La première question que l’on pourrait se poser, selon moi, serait : « De quelles angoisses parle-t-on ? » Plus particulièrement, il faudrait commencer par faire la différence entre peur, effroi et angoisse. La peur a un objet. On a peur de quelqu’un ou de quelque chose, par exemple du retour de la pandémie ou d’une catastrophe climatique. L’effroi, c’est l’effraction de quelque chose auquel nous ne sommes pas préparés et que nous n’aurions pas pu imaginer, comme des avions qui attaquent les tours du World Trade Center le 11 septembre 2001. L’angoisse, elle, implique l’anticipation de quelque chose qui pourrait arriver mais qui n’est pas encore défini, c’est un climat, une atmosphère, quelque chose d’irreprésentable qui nous menace.

Aujourd’hui, avec les changements climatiques, la pandémie, la guerre, la crise énergétique, les menaces nucléaires ou encore la situation des femmes en Iran ou en Afghanistan, toutes ces dimensions – peur, angoisse et effroi – semblent se mêler, dévoilant une profonde détresse, comme lorsque l’on n’a plus rien à attendre de personne.
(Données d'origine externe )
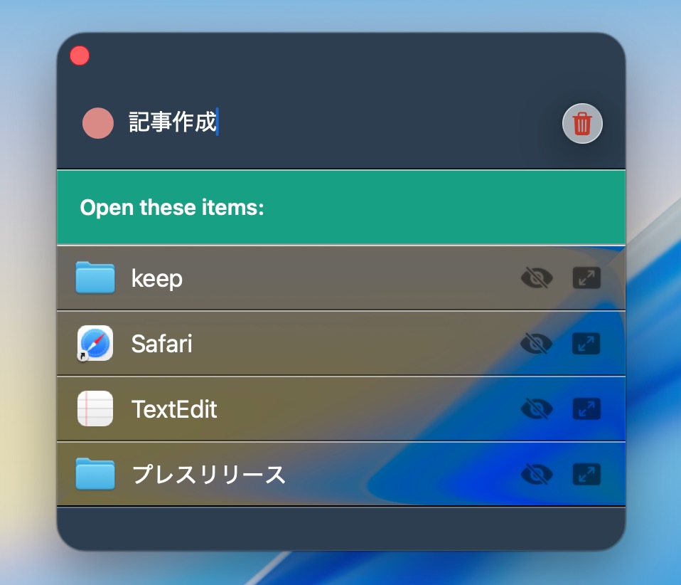 特定のプロファイルをiCloud経由で他のMacと同期する機能もあります。ドラッグ操作で登録でき、1〜9キーやショートカットで瞬時に呼び出せます。

L'angoisse est un signal, le signal que quelque chose ne va pas, qu’il faut nous interroger sur ce qu’elle nous dit, et changer

Ces angoisses et ces peurs qui se multiplient sont-elles pour autant spécifiques à notre époque ? Ne pourrait-on pas dire, avec Freud, qu’elles sont inhérentes à la condition humaine, le résultat d’une lutte constante entre des pulsions de vie et des pulsions de mort, à l’œuvre chez l’humain et dans le monde ? Pourtant, il y a assurément quelque chose de spécifique à notre temps : un climat médiatique et des réseaux sociaux qui offrent une information immédiate, continue et confuse, qui répercutent le bruit et la fureur du monde en dehors de tout sens, nous rendant à la fois extraordinairement informés et plongés dans l’incertitude. Et la conscience de cette incertitude contribue à superposer de plus en plus de malaises intimes et collectifs, comme on l’a vu lors de la pandémie.

Comment, dès lors, lutter contre ces angoisses ? Il y a certes l’angoisse pétrifiante, sidérante, celle qui nous paralyse complètement, qui nous semble sans issue. Mais il y a aussi cette autre version, qu’on pourrait considérer comme une « angoisse créatrice », c’est-à-dire l’angoisse qui réveille, l’angoisse qui devient moteur. Il ne faut pas oublier que l’angoisse est un affect « qui ne trompe pas », comme le disait Lacan. C’est aussi un signal, le signal que quelque chose ne va pas, qu’il faut nous interroger sur ce qu’elle nous dit, et changer.

Reconnaître la pulsion de mort pour pouvoir la contrer

Aujourd’hui, on a certainement raison d’être angoissé. La question n’est donc pas tant : « Comment lutter contre nos angoisses ? » ou « Comment les supprimer ? » mais plutôt : « Qu’en faire ? Comment transformer une angoisse paralysante en une angoisse salvatrice ? » L’angoisse peut en effet devenir un enjeu de liberté. Il s’agit de se servir de l’angoisse pour ouvrir des voies nouvelles. On pourrait dire que le pire de ce vers quoi l’angoisse peut mener, c’est l’effacement, le déni du problème qui est à l’origine de l’angoisse et, ultimement, la soumission, la servitude volontaire. Il nous faut donc aujourd’hui écouter ce que nous disent nos angoisses pour en faire une source de résistance, de révolte, un moteur d’opposition, une raison de dire non. Reconnaître la pulsion de mort pour pouvoir la contrer. Et chacun est engagé dans ce choix entre les forces de destruction et les forces de vie.